Стиля – с подспудными, но действительно эсхатологическими мотивами?

«Палладио + Веронезе = деконструктивизм»?

Протосмыслы архитектуры и живописи, сшибаясь в вилле Барбаро, породили деконструктивизм…

Ау-у-у? Умозрительные и экстравагантные новаторы, Гери, Моос… Вы, спесивые мастера трёхмерного гротеска – лет пять назад, когда тонкий эпатажник Моос представил свой проект второй сцены Мариинского театра, Германтов написал эссе о деконструктивизме «Трёхмерный гротеск», – вы, искусные – сверхискусные! – но лишённые органики, всего-то коммерчески успешные, пусть коммерчески безупречные, хотя безнадёжно запоздалые эпигоны, куда вам, призванным показывать свой скандальный товар лицом, до скрытного деконструктивизма Палладио – Веронезе?

Так.

И ведь тоже перед зеркалом – тоже весенним утром – мысль о гротеске посетила его. Как просто, подумал тогда: отражение в водной глади прекрасного дворца вдруг ломается под набегом ветра, а только что ещё гармоничный образ делается гротескным; да, набег ветра на трёхмерные устои Палладио – это росписи Веронезе; они, набежав, как многоцветный ветер, красочно покоробили самодостаточную, как думалось Палладио, внутреннюю правду архитектуры.

«Палладио + Веронезе = деконструктивизм»? Что ж, смело, сгодится, по крайней мере, для…

Смело! А смелого, вспомнил, пуля боится, смелого штык не берёт.

Но почему же Палладио он так поспешно отвёл пассивную роль? Набег многоцветного ветра, ломка принципов.
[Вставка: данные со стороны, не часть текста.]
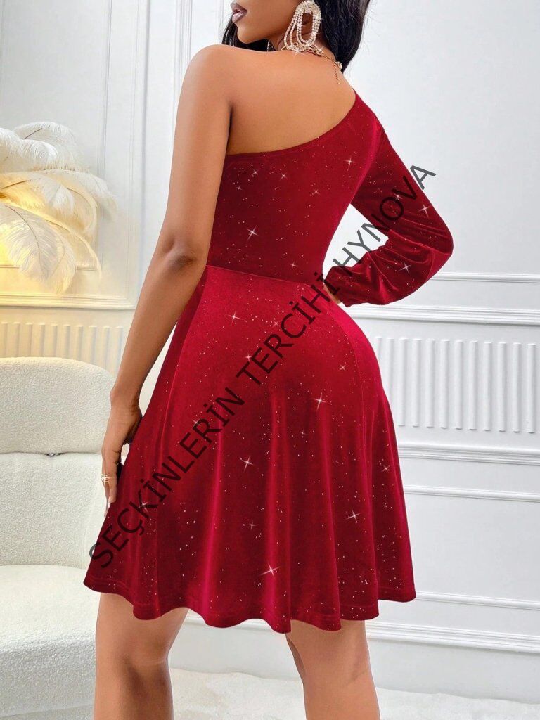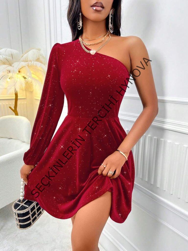Kadın Tek Omuzdan Açık Uzun Kollu Taşlı Mini Elbise

Неужели Палладио проглотил обиду, умыл руки и без душевной драмы, без борьбы сдался на милость наносному цветовому блаженству? Неужели Палладио ничуть не сопротивлялся сплошному изобразительному давлению, изобразительным деформациям, на которые оказалась способна веронезевская, ублажающая и такая лёгкая, кисть?

Ещё как сопротивлялся! Но не сам он сопротивлялся, ибо ему поздно было бы негодовать, ибо вилла им была в соответствии с проектом достроена и сдана заказчику, однако сопротивлялся – живыми принципами своими.
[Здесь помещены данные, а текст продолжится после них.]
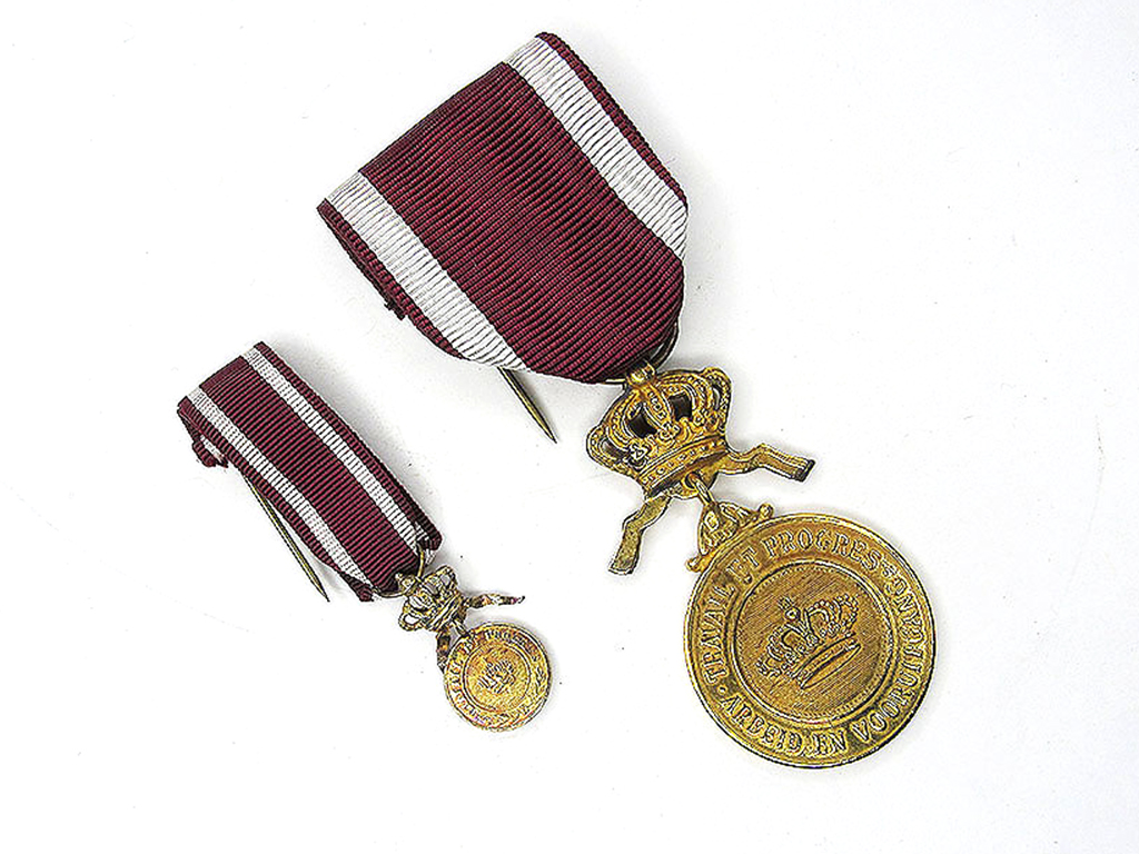 - ベルギー 王冠勲章 F/S ゴールドメダル ミニチュア付 箱入

Чего бы иначе стоили его принципы?

Как тут не вспомнить главу «О злоупотреблениях в архитектуре», главу из той самой незабвенной книги, на которой юный Германтов благодаря заботе Якова Ильича восседал за обеденным столом… О, как же не выносил Палладио «искажения, введённые в обиход развратителями архитектуры». С каким гневом писал «о чудных завитушках и кудрявых украшениях, которые противны здравому вкусу»… Попросту говоря, Палладио полагал, что архитектура, если овладела она своим, сильным и убедительным, языком, в поверхностных украшениях – лепных ли, нарисованных-расписных – ничуть не нуждается; о, мало сказать, что полагал – Палладио делом доказал это, его архитектура – самоценна и самодостаточна.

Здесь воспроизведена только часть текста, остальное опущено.